Top Trumps Tournament

Here is the gist of the game: you spin the wheel in the centre, and do one of three things: receive pegs, steal a peg, or play one of the “mini-games” named on the wheel. The game comes with an ambiguously worded reference sheet that provides some of the rules for each game. In general, the player whose turn it is chooses which “stat” is being played from four listed on each card, and (presumably) the highest number wins. The differences between the four mini-games are in how many players will participate and how many cards each will receive. The main game involved receiving enough pegs for the first player to fill the score board with nine, with the relative amount of pegs each player has determining how many cards they receive for the final battle (which plays out much like the “My Pack” mini-game but with more cards in play).

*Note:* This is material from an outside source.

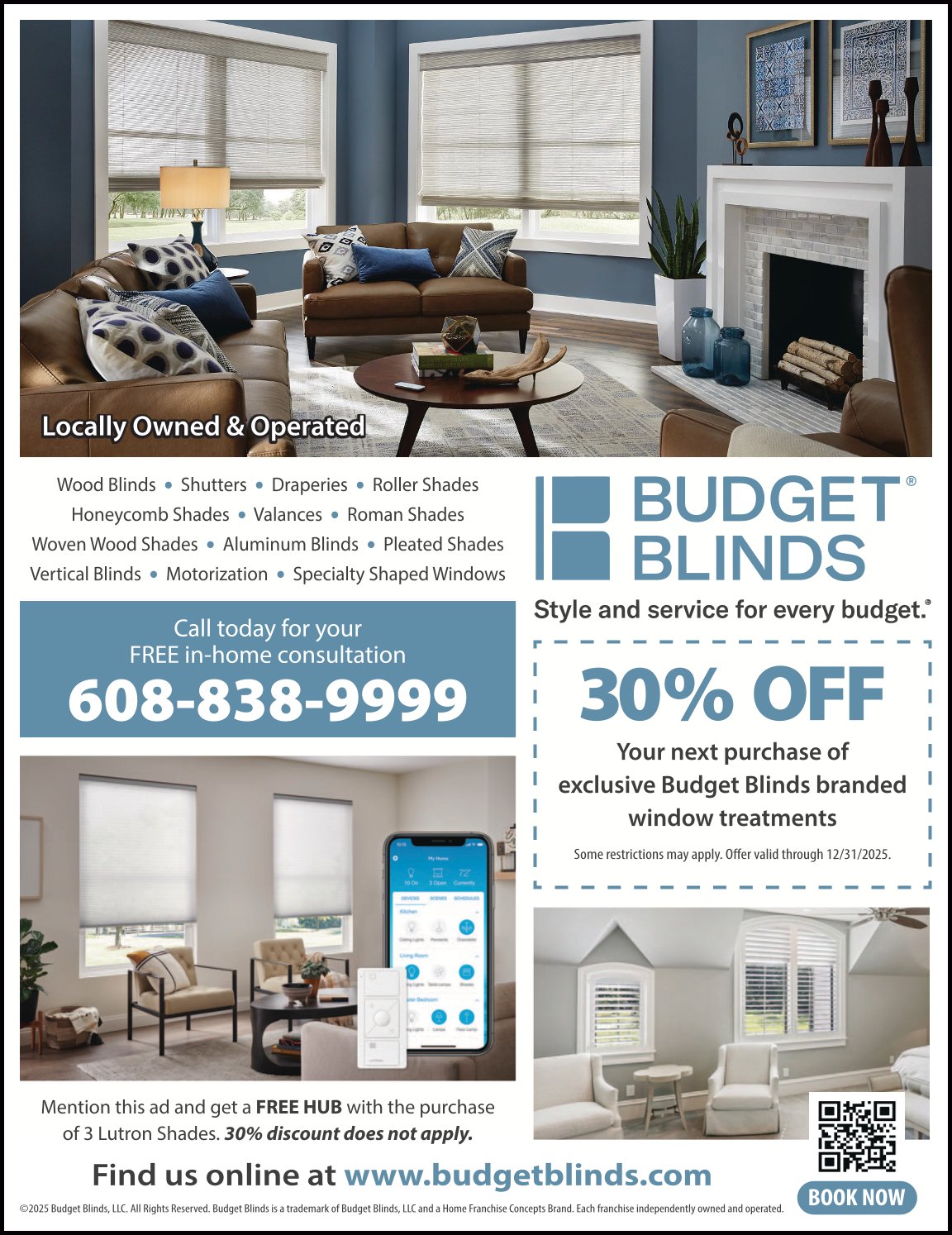 Budget Blinds of Madison East offers stylish, affordable window coverings tailored to your needs. With a wide selection of blinds, shades, and shutters, we bring comfort, privacy, and elegance to your home at a price you’ll love.
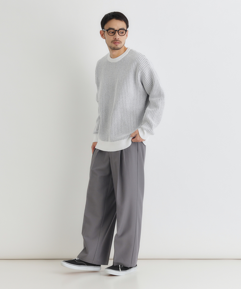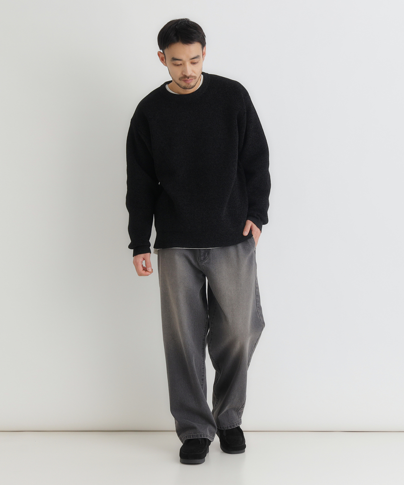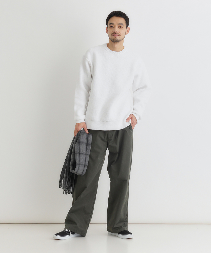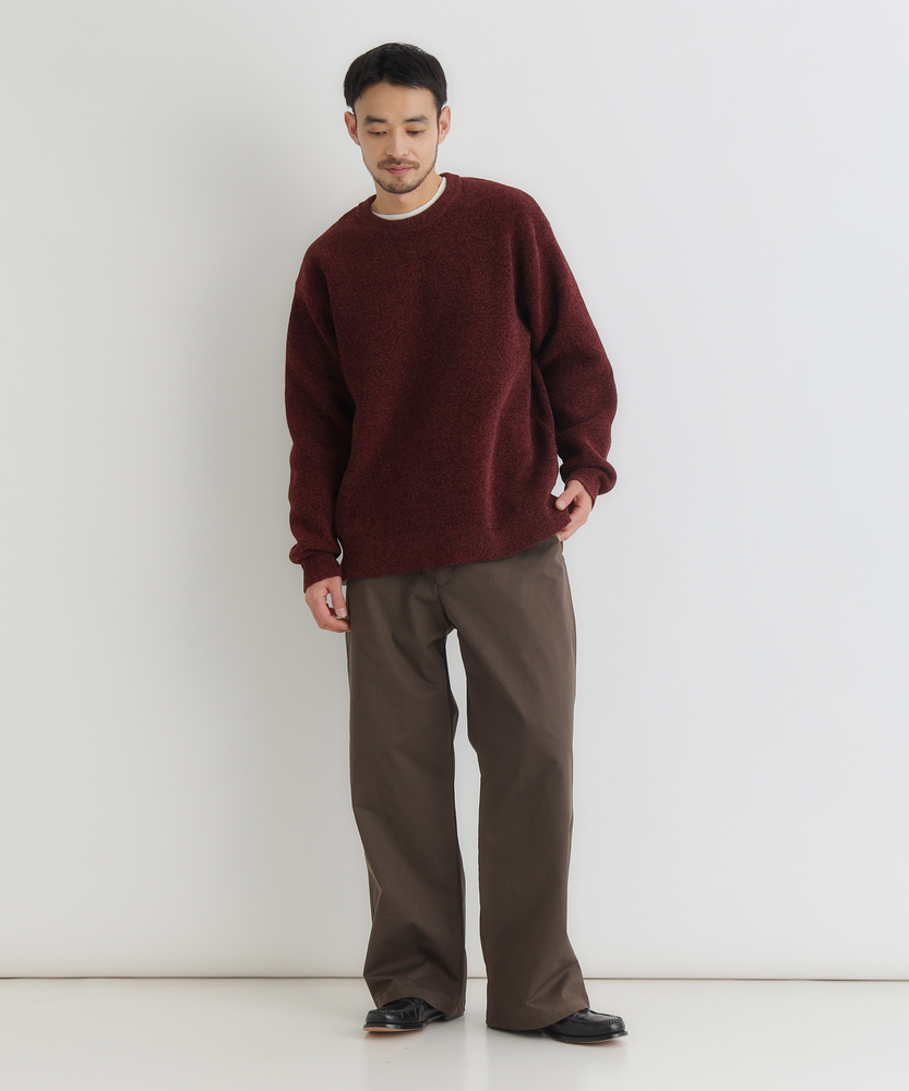 【仕様】モールジャガードのクルーネックセーターは、洗練されたシルエットと独自の編み模様が特徴です。ルーズフィットなスタイルがリラックス感を演出し、さりげないおしゃれを楽しむことができます。豊富なカラー展開で、用途に応じたスタイリングが力を引き立てます。【素材】 柔らかく、軽やかな着心地を実現するモール素材を使用。保温性に優れ、肌触りが良いため、寒い季節でも快適です。また、ジャガード編みの特性が立体感を生み出すため、コーディネート全体に深みを加えます。 【スタイリング】ゆったりとしたパンツやチノパンと合わせて、カジュアルな日常コーデが完成します。また、レザーシューズやブーツを合わせれば、クラス感のある休日スタイルに。アウターを羽織って、シンプルながらもセンスを感じさせるコーディネートが楽しめます。

I said the rule sheet contains some of the rules because it does not address some common game states. Can a player keep calling the same victory condition and playing the same card, knowing it will keep on winning? The player is instructed to call the next stat from their “next card” but does not specify if cards can be played more than once in the same mini-game. Other things are also left unclear in the written rules: in a contest, does the debut year count up (newest wins), count down (oldest wins), or can it go either way at the discretion of the player calling the stat? What happens when players tie on a stat when playing with only one card left (the rules talk about how to resolve a draw with the next card). We ended up making up house rules left and right just to keep the game going. That’s not something you usually do in a finite game, but we did it because the alternative was to declare the game a failure and stop playing. That just wouldn’t do.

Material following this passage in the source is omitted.